Danish cable giant NKT is banking on “rapid growth” in Taiwan’s offshore wind market and further Asian growth as it supports plans for the country’s first subsea cable factory.

NKT will help Walsin Lihwa with the factory by providing technical support and supplying its technology under licence
NKT will help Walsin Lihwa with the factory by providing technical support and supplying its technology under licence

It has signed a joint venture agreement for the factory with Walsin Lihwa, through which it will provide its Taiwanese counterpart with technical support, and supply its technology under licence.

The factory in Kaohsiung in the country's south-west is due to be fully operational from 2027, and will produce high- (HV) and medium-voltage (MV) alternating current (AC) power cables – mainly for the Taiwanese offshore wind market.

NKT explained that it expects this market to “grow rapidly” in the next decade, following a series of gigawatt-scale offshore wind auctions.

The Danish firm will licence its offshore HV AC static export cables and MV AC dynamic inter-array cables to Walsin Lihwa.

It will own 10% of the joint venture, but will not provide capital investment for the factory. It will receive returns based on royalties and dividends. 

Meanwhile, Walsin Lihwa will invest NTD 2.7 billion ($88.8 million) in the factory, it stated. It is as-yet unclear how much the entire factory will cost.

NKT president and CEO, Alexander Kara explained: “The joint venture is an attractive opportunity for NKT from a financial perspective and an opportunity for us to participate in a new, growing market, which is otherwise challenging to serve. 

“It is an important first step for NKT to establish presence in the Asian high- and medium-voltage market and a platform for future growth in the region.”
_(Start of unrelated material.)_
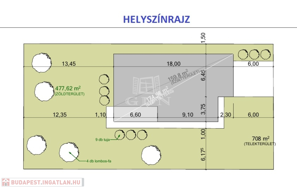 A ház nettó 125 nm, plusz a 24 nm terasz. Mindez 708 nm telken.

Taiwan was an early mover in offshore wind in Asia Pacific, awarding grid connection rights for 8.5GW of capacity across three rounds. It is due to hold further 3GW rounds this year and next.

Localisation is a key requirement for offshore wind developers seeking to build projects in Taiwan, prompting several western companies to partner with local groups.

The country already has 128MW of operational capacity across two demonstration projects, according to Windpower Intelligence, the research and data division of Windpower Monthly.